No. What I mean is, when you enter the symbolic name into the debugger, the debugger performs a symbol table lookup to produce an address. In this case the address isn't an address, but rather an offset into the threads thread private area, somewhat like a member variable offset. However, the base of the "object" (thread private area) is derivable via an application specific (generally inline) function. The debugger knows not what this function is (with possible exception to MS compiler and MS debugger). On Windows x64, MS software uses the GS segment register (selector). Other vendors on Windows x64 may adopt this or may not. Also the MS Debugger runs in a different process space, and thus (may)has a different mapping for GS than the selected thread of the application being debugged. As to if the MS debugger cah work around this, you will have to consult with MS. When the selector GS is used, the instruction encoding of the memory reference becomes
mov rax, qword ptr GS:[variableOffset]
Where the debugger is likely using
mov rax, qword ptr [variableOffset] ; no GS:, which implicitly means DS: (Data Selector)

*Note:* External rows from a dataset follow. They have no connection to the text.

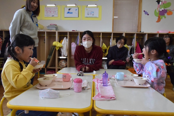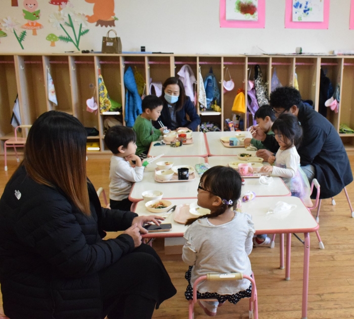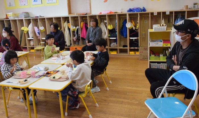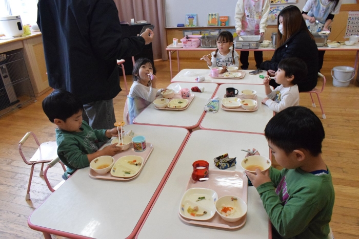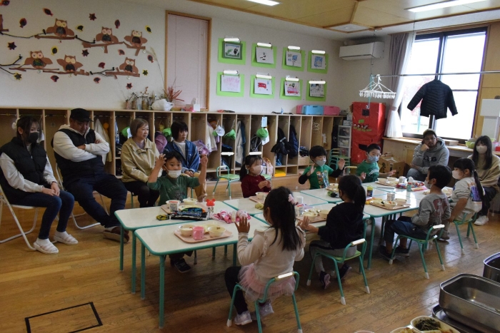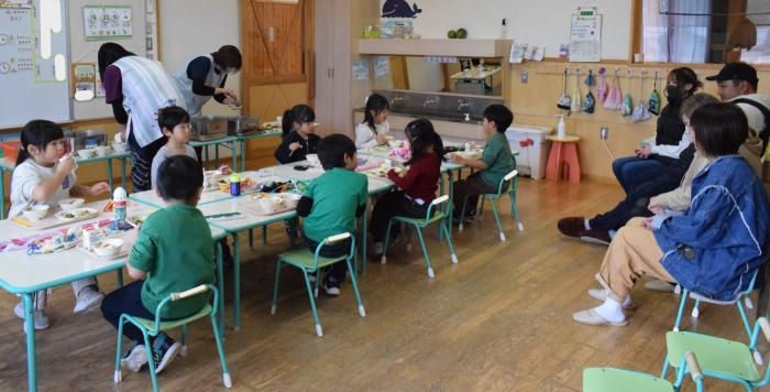 今日の給食の時間も,ご家族の方に参観していただきました。家の食事の時よりもいろいろなものを食べている様子に驚かれた方もいらっしゃったようです。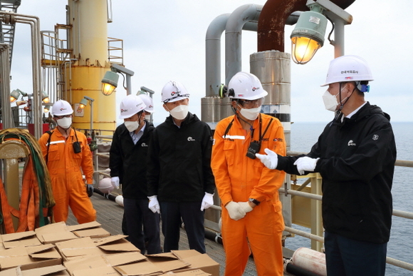 한국석유공사 김동겁 사장이 21일 우리 영해에서 천연가스를 생산해 국가 에너지 안보확립에 기여하고 있는 동해가스전 생산플랫폼을 방문, 현장 생산시설의 안전 및 운영상태를 점검하고 근무자들에게 다가오는 미래 신재생에너지 시대를 위한 차질 없는 준비를 주문했다.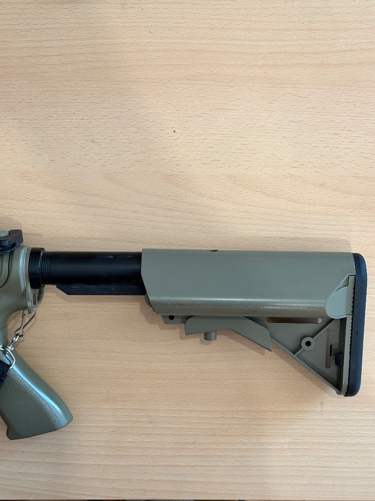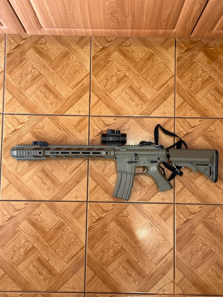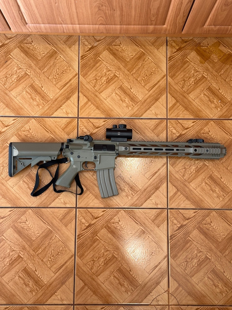Prodám elektrickou Airsoftovou zbraň M4 Salient Arms s následujícími parametry: 420fps (128m/s) Zesílená nylonová hlava válce a pístu Nylonový trn pružiny Ocelová ozubená kola Kovový gearbox v.2 Akumulátor 8.4V 1100mAh Zbraň disponuje nastavitelným hop-up systémem který je aktuálně nastaven k dokonalosti, zbraň disponuje skvělou přesností a dostřelem, díky točnému zásobníku na 300BB je ideální na delší přestřelky a díky nastavitelné délce pažby v pěti různých polohách je ideální pro dokonalé přizpůsobení přímo Vám. Zbraň vždy pravidelně udržována. PLNĚ FUNKČNÍ Součástí prodeje je: Zbraň M4 Akumulátor 8.4V 1100mAh Nabíječka Točný zásobník s kap. 300BB Popruh na zbraň Kolimátor Theta Optics 1x30 (červená tečka) Není součástí prodeje, v případě zájmu i s kolimátorem +499kč

Jim, because your advice #10 was a little bit not understandable for me ( pointer of pointer appeared), I modified the source and found it works well.
Let me summarize my understandings as of today. Please make comments if some of them are not correct.
list of threadprivate vars
in the routine,
!$OMP end critical
As you said, while threadprivate MyVars is not visible (undefined address), MyVarPointers displays the contents of MyVars successfully. It was necessary to reset the pointer every time before use (arrays get undefined occasionally), which looks somewhat strange because the array sizes (shape of type) do not change during the execution.
MyVarPointers also becomes invisible when it is declared as threadprivate. Therefore, it seems for me, as long as for the purpose of monitoring the invisible quantities, that the use of pointers is equivalent to the use of shared variables, except the heavy overhead of data transfer in the latter case. (Of course, such overhead should never be allowed in my actual program.)
One feature of using threadprivate is to eliminate the overhead of copying in private data, another is to have global thread context (so as to not pass a private context pointer/reference on CALL or function.